• DATA TO PROCESS:

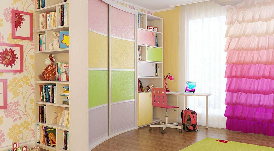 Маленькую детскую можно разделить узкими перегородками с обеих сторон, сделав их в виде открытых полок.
==
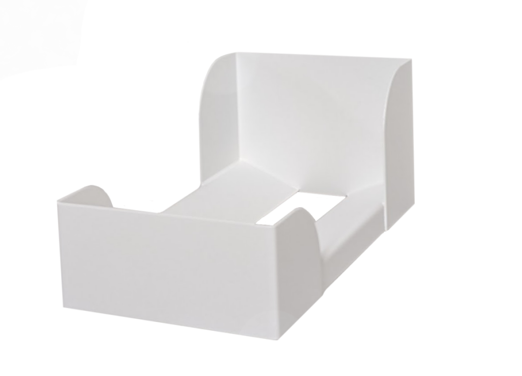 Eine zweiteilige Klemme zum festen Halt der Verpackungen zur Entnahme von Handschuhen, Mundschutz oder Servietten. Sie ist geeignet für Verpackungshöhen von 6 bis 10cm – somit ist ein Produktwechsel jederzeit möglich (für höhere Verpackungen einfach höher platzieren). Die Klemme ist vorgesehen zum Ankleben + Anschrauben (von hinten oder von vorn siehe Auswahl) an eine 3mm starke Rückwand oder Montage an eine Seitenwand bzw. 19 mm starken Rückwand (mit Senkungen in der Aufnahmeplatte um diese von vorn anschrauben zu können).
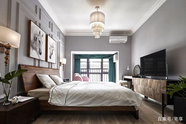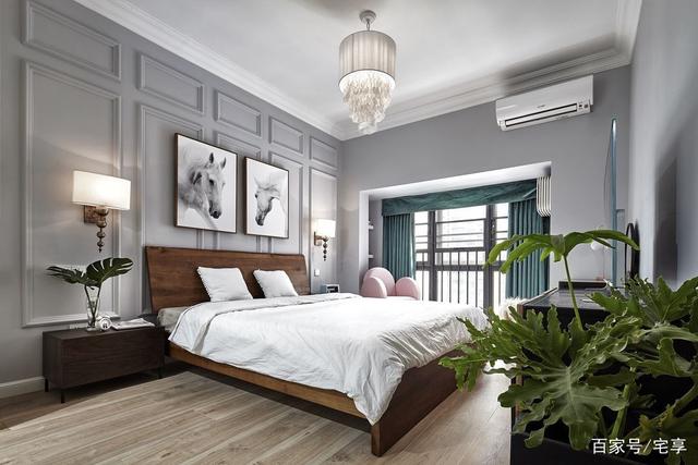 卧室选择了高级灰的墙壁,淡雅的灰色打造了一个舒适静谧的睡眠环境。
--
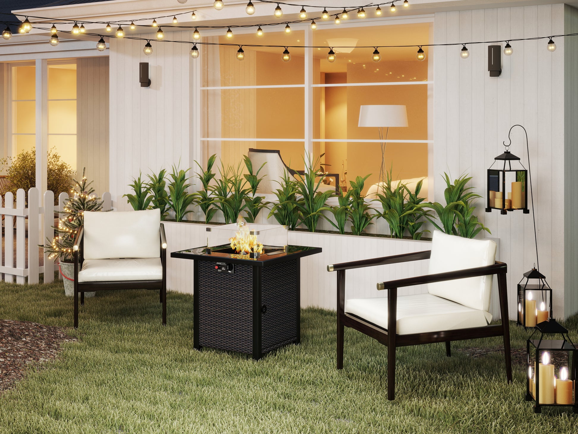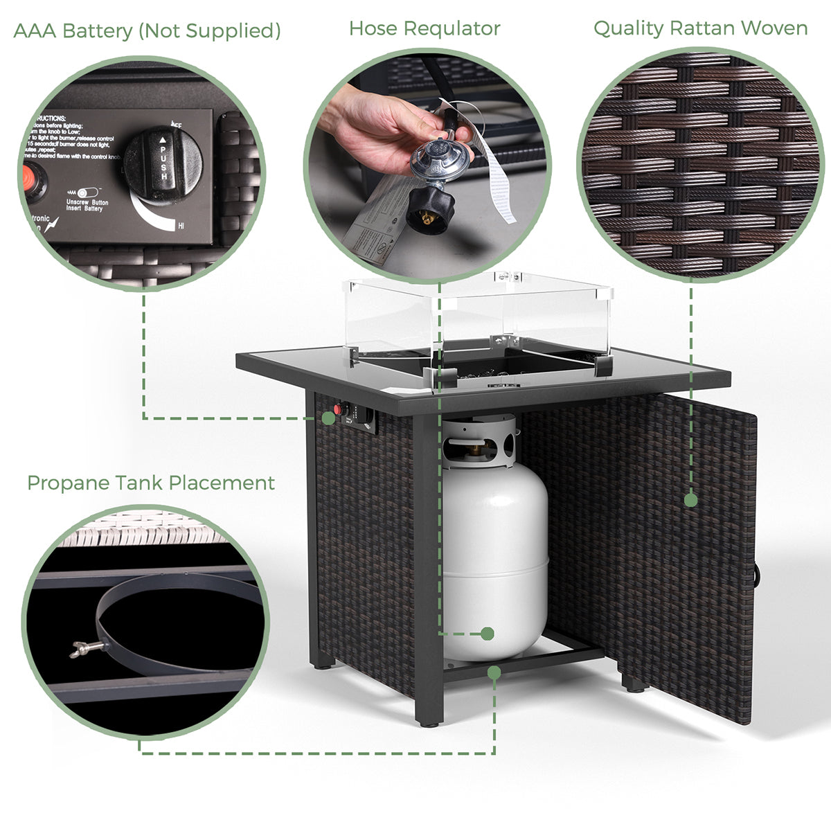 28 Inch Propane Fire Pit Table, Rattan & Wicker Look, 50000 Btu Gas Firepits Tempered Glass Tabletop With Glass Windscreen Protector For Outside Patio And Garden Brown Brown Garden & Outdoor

• THE PROBLEM:
In the listing above, find the line with "Eine zweiteilige Klemme" and the line with "卧室选择了高级灰的墙壁,淡雅的灰色打造了一个舒适静谧的睡眠环境。". Copy both of them and every line between, exactly, but not the pictures.

• ANSWER AREA:
 Eine zweiteilige Klemme zum festen Halt der Verpackungen zur Entnahme von Handschuhen, Mundschutz oder Servietten. Sie ist geeignet für Verpackungshöhen von 6 bis 10cm – somit ist ein Produktwechsel jederzeit möglich (für höhere Verpackungen einfach höher platzieren). Die Klemme ist vorgesehen zum Ankleben + Anschrauben (von hinten oder von vorn siehe Auswahl) an eine 3mm starke Rückwand oder Montage an eine Seitenwand bzw. 19 mm starken Rückwand (mit Senkungen in der Aufnahmeplatte um diese von vorn anschrauben zu können).
 卧室选择了高级灰的墙壁,淡雅的灰色打造了一个舒适静谧的睡眠环境。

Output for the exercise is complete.